The tactic, successfully employed by the American Army Rangers during the invasion of the island of Grenada in 1983, allows for a fast-moving aircraft to drop a large number of troops without parachutes and leave the area before the opposing forces can figure out exactly what is happening.
Operation Brothers Keeper, as it was being called, would insert the Royal Marines of 2nd Troop, Mike Company, 43 Commando, and Gunnery Sergeant Marcus Johnson USMC, in that manner. The Marines would then move on foot three miles to the orphanage. Once there, they would offer to extract the British nationals and any other Europeans in the immediate area, then move everyone willing to go to a field two miles to the west of the village. A squadron of Sea King helicopters would then pick up the entire group. The helicopters were already on the way to Guinea from a Royal Navy fleet based in the South Atlantic.
Once the extraction was complete, all persons would be taken to a safe airfield in Guinea, loaded aboard the waiting and refueled C-130, and returned safely to England. That was the plan as laid out in the briefing room. Plans seldom happen as intended.
While the Marines waited on the airfield tarmac, Marcus took advantage of the downtime to pull out the letter Pops had brought him in the mess hall. He examined the envelope for clues as to where it was from. It was remarkable that the letter had made it to him at all. The whole thing was a smear of ink and forwarding labels that rendered it almost double its original thickness.
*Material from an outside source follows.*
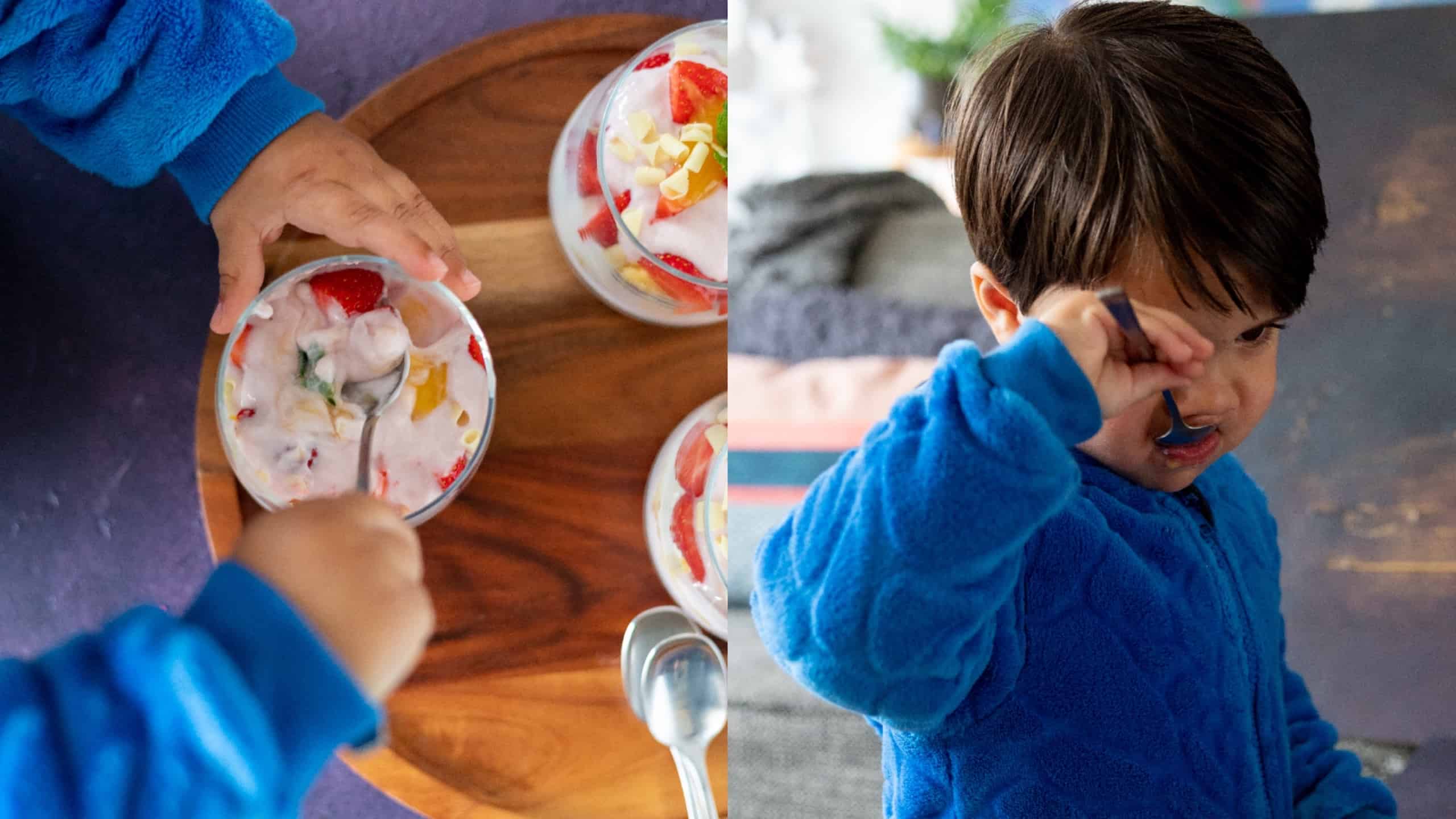In 5 minuten ben je klaar en het smaakt waanzinnig. Zo lekker zelfs dat de kleinste telg uit de familie er niet vanaf kon blijven tijdens de fotoshoot ♥. Geniet ervan!

Unable to determine from whom it came, he pulled up a corner of the glued-down flap, pushed a finger in, and ripped the top open in a smo
oth, sliding motion. Inside was a single-page letter written in ink, by hand. It took him several minutes to recognize the script. It was not his mother’s handwriting, full of big looping letters that rolled across the page. This handwriting had a more regular, almost squarish, appearance to it. Marcus glanced over the front of the letter, then turned the page and saw in the bottom corner the name and signature of Lonnie Wyatt.
Marcus,
I know it’s been a long time. I’m sorry in every way you can imagine for the things I have done and not done over the years. I wish I could make up for the mistakes I’ve made and the pain I’ve caused you. I’m writing this letter to let you know that things have changed. I have changed.
I love you.
I always have, but in my own selfish understanding, or lack of understanding, I could not comprehend how you could want to stay in the Marines and claim to still love me. It hurt me so much because I thought you loved your precious Marines, and the violence of that lifestyle, more than me. I couldn’t understand how you could reject me like that. When you wouldn’t leave the Corps, I was so angry and broken that after I returned home, I would yell and scream at my parents or my students, then break into tears for days.
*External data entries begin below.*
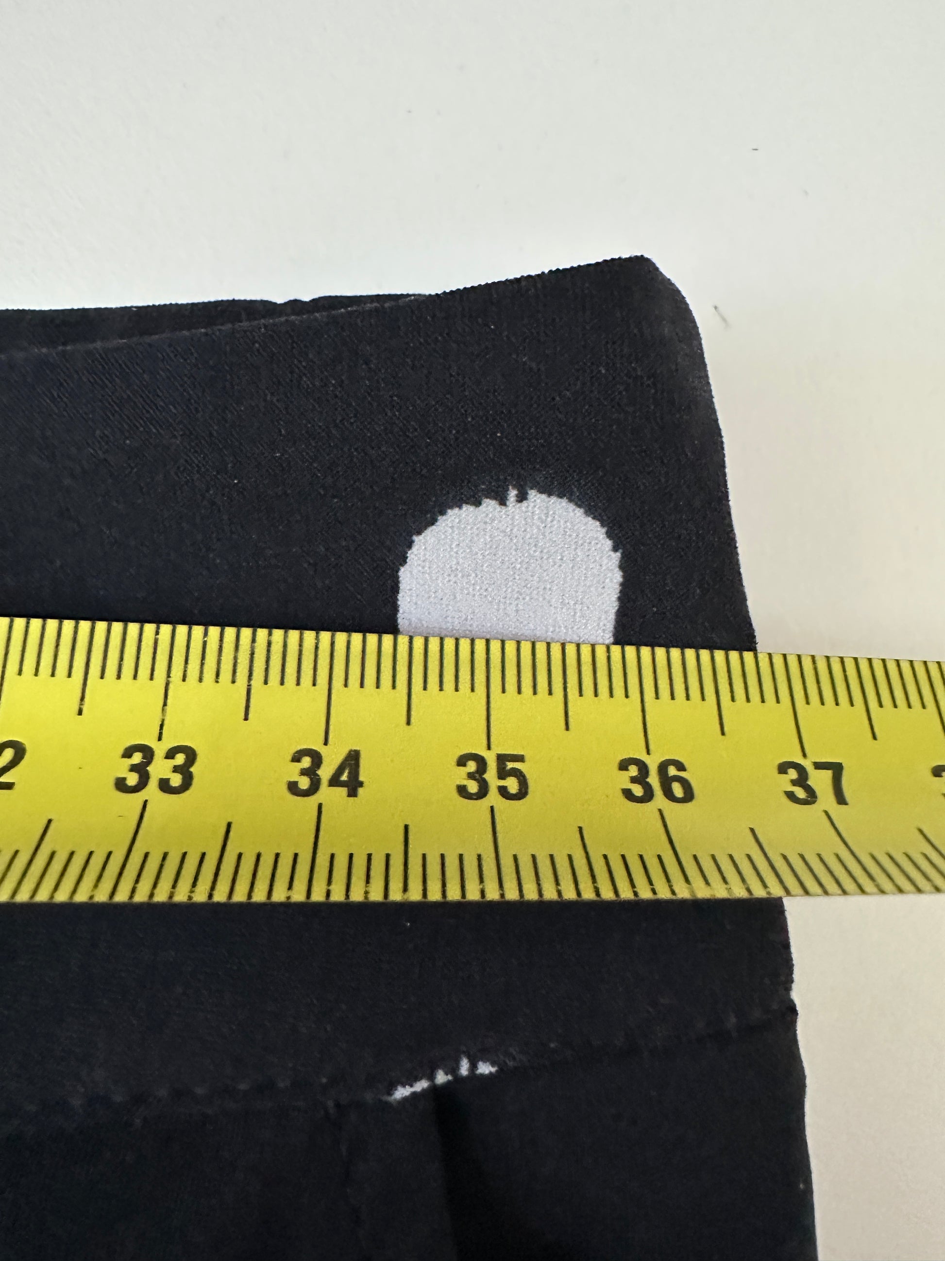 Afmetingen: Breedte, binnenbeenlengte en totale lengte staat in de foto.
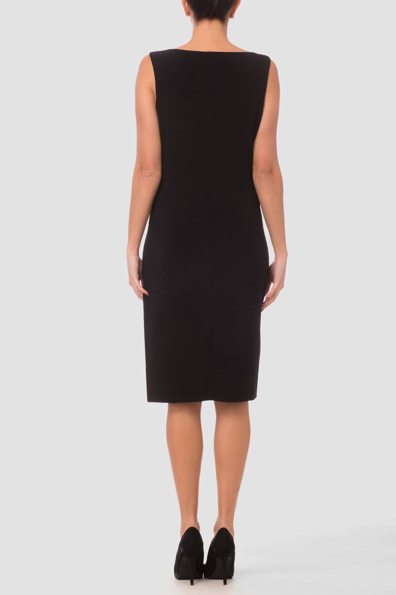 Just add slides or mules and you are good to go. The Joseph Ribkoff Sheath Midi Dress in black is a striking choice for any holiday party. Designed with a sleeveless, crewneck silhouette, it features a split skirt at both sides for a chic touch. Made from a silky knit fabric composed of 94% polyester and 6% spandex, this knee-length dress offers easy pull-on convenience and includes a discreet lining. Approximate length for size 12 is 42", and it pairs minimalist style with uncompromised comfort.
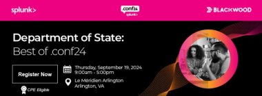 Join Splunk, Blackwood, and Carahsoft for a Department of State event showcasing the best of .conf24 on Thursday, September 19th. At this event, you will have to opportunity to:
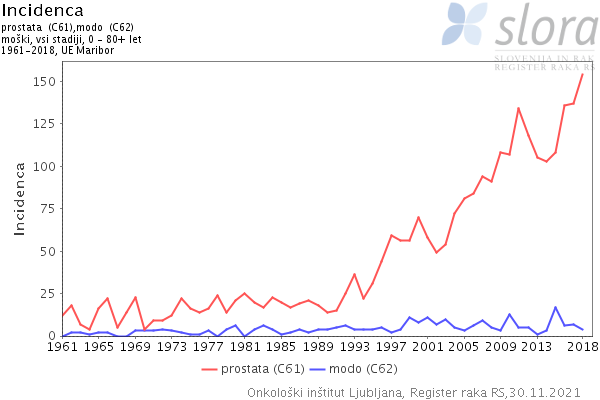 Zadnji dostopni podatki so na voljo za obdobje od leta 1961 do leta 2018. Tako, če si ogledamo podatke le za Maribor, lahko vidimo, da je število primerov raka prostate na območju upravne enote Maribor začelo intenzivno naraščati po letu 1992. Leta 1992, v primerjavi z letom poprej, smo potrdili deset primerov raka prostate več kot v letu 1991, in sicer 25. Nato pa kot že rečeno, število začne intenzivno naraščati.
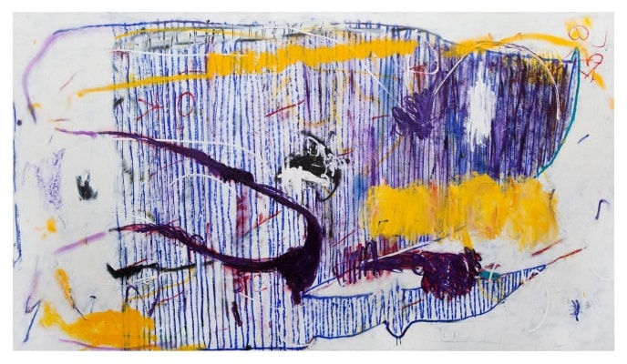Heavy contrasts are predominant in the works of “OK BOY”, the most recent body of work by Berlin-based artist XOOOOX. It is comprised of large black and white canvases whose monochromism is at times interrupted by mostly primary colors. Getting closer to the works, one quickly realizes that these contrasts are less subject to a fixed concept, but are developed in an intuitive process. Not only the chiaroscuro of the Black Paintings, but also the violet and yellow colors – characterized by Johannes Itten as a complementary contrast – arise after a long process of layering and overpainting. What all of the works have in common is the act of strongly kinetic painting, be it priming backgrounds, blackening surfaces or quick gestures with the spray can. The technique of this painter, who approaches the canvas without a paintbrush, intuitively spreads the color with his bare hands, is reminiscent of works of abstract expressionism, the likes of Robert Motherwell and Franz Kline who also based the effects of their work in a very strongly physically act of painting.

That has changed now—my understanding, that is. I don’t know if you were aware of it, but I am now an Alaska State Trooper, stationed in Palmer for the time being, but soon to be sent out for a bush assignment. I left the school district about two years ago and started this new career in order to help change the world in a more active manner. About the middle of the academy in Sitka, something clicked in my mind and I had a sudden realization of what you must feel for the Marines.
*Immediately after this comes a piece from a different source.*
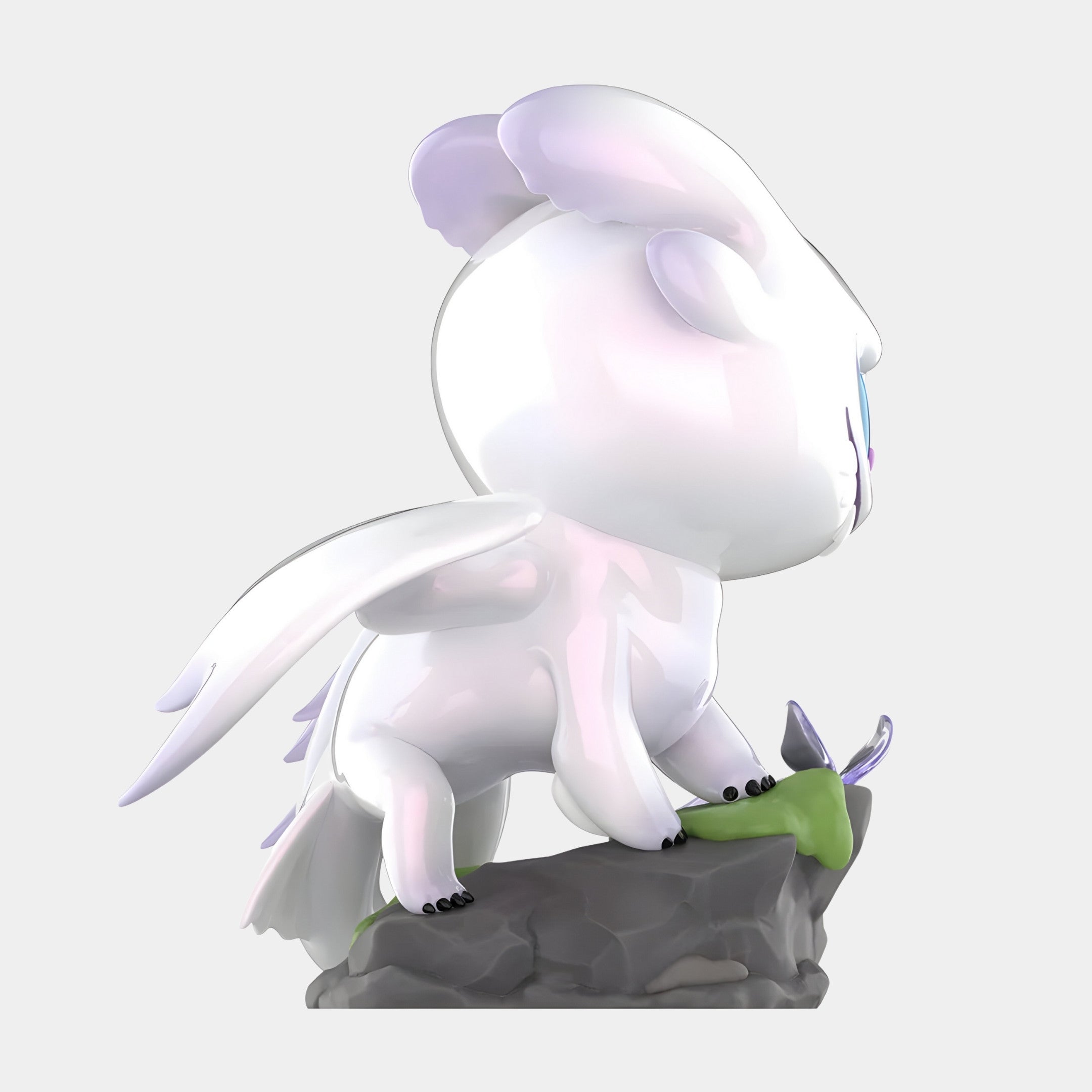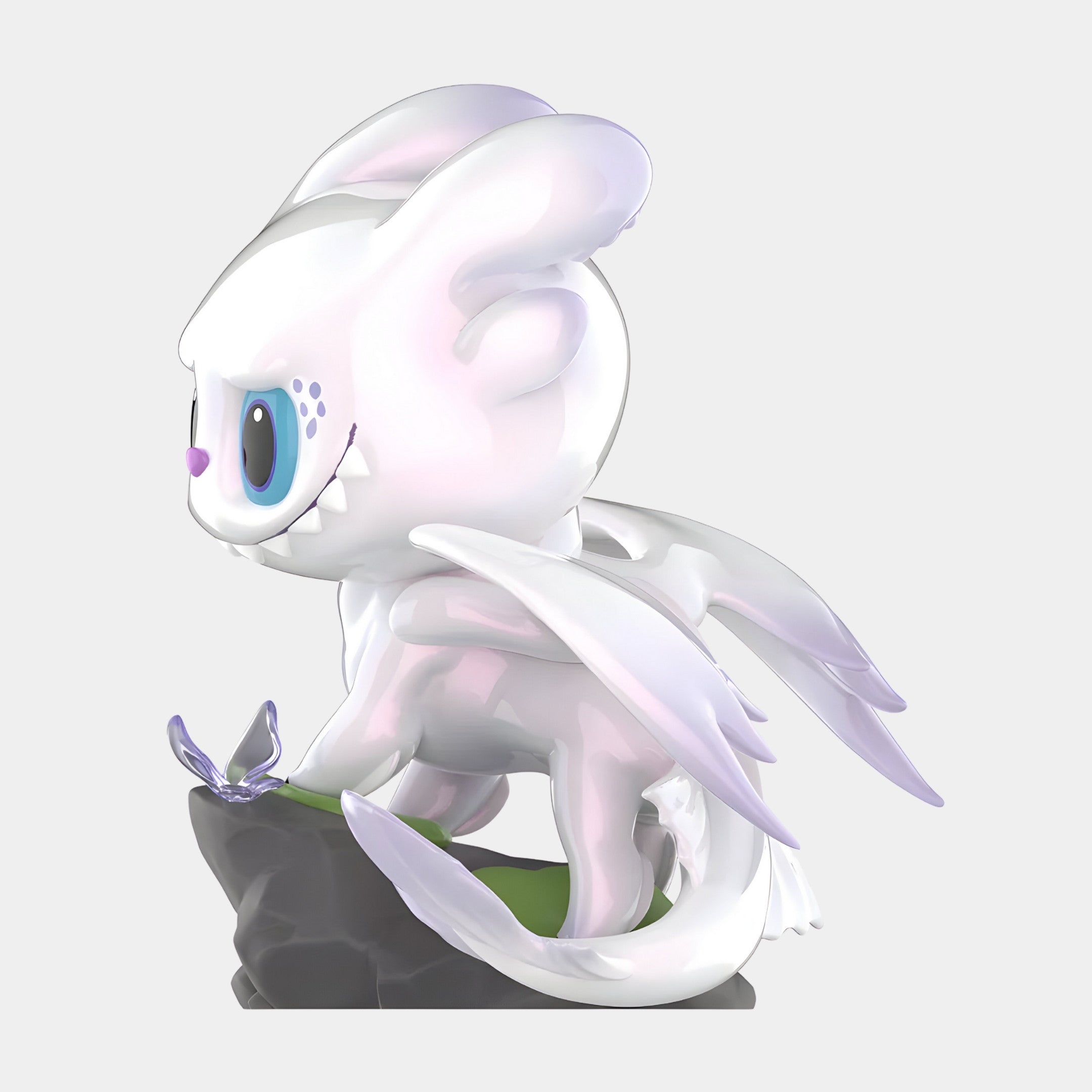 With an enchanting iridescent finish and delicately sculpted form, the 160cm Dragon Bond Light Fury Labubu Sculpture brings a mystical presence into your space. Inspired by the beloved dragon design, this piece blends charm with a powerful silhouette, featuring wide, expressive eyes in a luminous blue hue, winged limbs curved in mid-motion, and a pearly white body resting on a rocky base. The sculpture captures the creature’s gentler spirit with soft lavender gradients across the tail, ears, and wings, while a small translucent butterfly perched on the rock adds a peaceful touch. Every detail, from the clawed toes to the subtle scale texture, has been crafted in high-quality fibreglass to deliver visual impact and indoor durability.

Until I became a trooper, I had never known what it was to make a physical difference in the lives of other people. A few weeks ago, I found myself face to face with a rapist who had hurt several young girls. He tried to escape, but I was able to chase him down on foot, and took him into custody. As I cuffed the beast, it felt as though I had just saved the lives of a dozen girls, maybe more. The feeling was good, very good.